Before I read your book I felt really bad about myself and thought God would punish me one day for the way I treated my mother by wanting her no longer in my life. But now I guess maybe God will understand I really couldn’t deal with it any longer.
Besides that, I still have my issues. My self esteem is totally based on the things I do; on being succesfull. I am smart, I can do a lot of awsome things and I’m a pretty girl. But in my own eyes it’s never good enough and when no one gives me a compliment I start to get depressed for days or weeks. It’s that weird thing I read about in your book: on one side I’m thinking about myself as a gorgeous superwoman, the best girl this world every had, but on the other side I’m seeing myself as a nothing, a no one, a loser. I really don’t know how that strange thing in my system ever can change.
I’m not able to have sex. I don’t understand anything about sex. I think having sex is about letting go something I hold on so very tight. I can’t let go and I have no clue how to behave in front of someone I’m supposed to sleep with. I tried but I was just lying there, and when I find out it was a normal thing to make noises, I just started to act that noises. But it didn’t come from the inside at all and I’m wondering if I will ever be able to have ‘real’ sex.
For three years I have one really good friend that respects who I am and never forces himself on me. He helped me a lot to heal some of my mental injuries. There was a time I was so mad at my mother I think I have killed her if I had a gun. Now I’m starting to feel sorry for her. I will never have kids and that’s okay. I got sterilized because I’m too afraid to make the same mistakes my mother did. Now I have a precious cat and I give her all the love I would give to my child.
I want to thank you so much for your book and for being a voice for those young children, even though they grew up. Thank you a million times and God bless you.
Kind regards,
P.S. if you want to publish this letter on your side, that’s okay and you can use my name, Colinda.

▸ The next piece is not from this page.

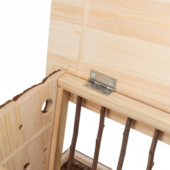 Die Trixie Heuraufe zum Aufstellen ist nicht nur funktional, sondern auch optisch ansprechend. Das natürliche Rindenholz fügt sich perfekt in jedes Heimtiergehege ein und sorgt für eine natürliche Atmosphäre. Ihre Tiere werden es lieben, sich auf dem Dach auszuruhen, während sie gleichzeitig mit frischem Heu und leckerem Gemüse versorgt werden.
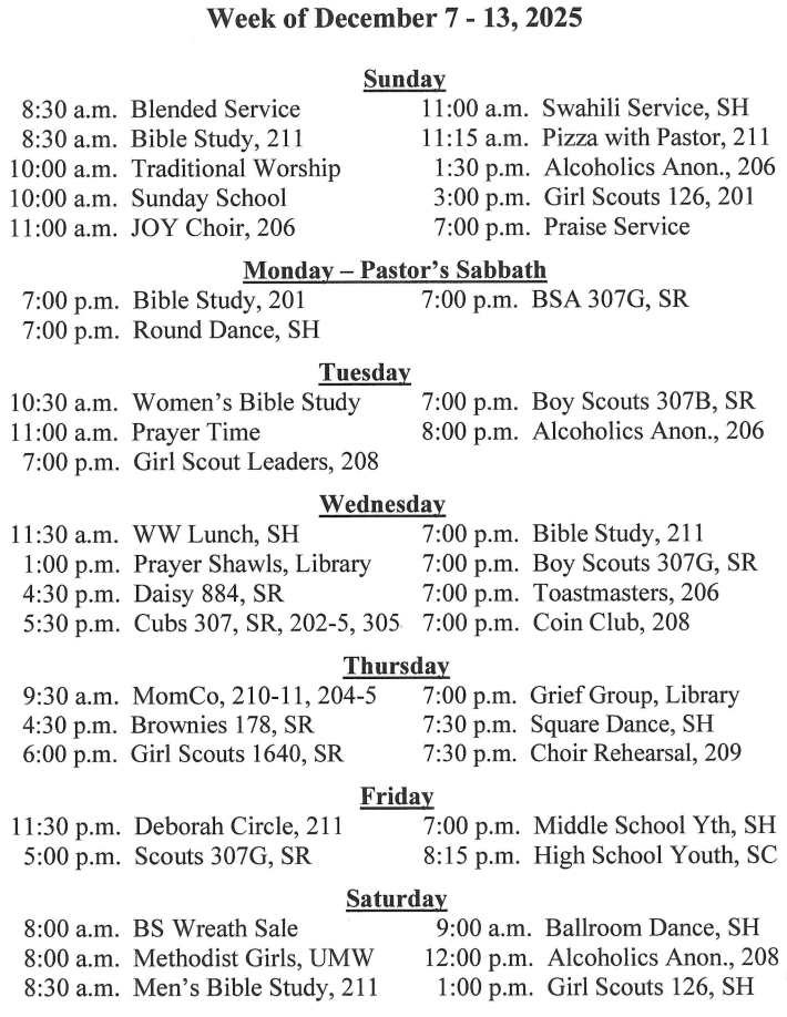 | 8:30 a.m. Contemporary Blended Worship in the Sanctuary. 10:00 a.m. Traditional Worship in the Sanctuary. 10:00 a.m. (or later) live-streamed “Worship at Home” video 7:00 p.m. Contemporary Praise service in the Sanctuary _____________________________________________________________ A detailed schedule for the coming week is: |

AM: I think that writing helped you to respect your true needs and I hope that once you FULLY understand WHY you hate BOTH of your parents your “issues” disappear. You write: “I talked to her, I wrote to her in the very clearest words, I cried and yelled and screamed in front of her, but the only thing she thought was I went crazy. She still hopes my crazyness will stop one day so we can be ‘best friends’ again” Is this not enough to make you stop to try again? You don’t need to have pity with people who made you so much suffer and NEVER understood you.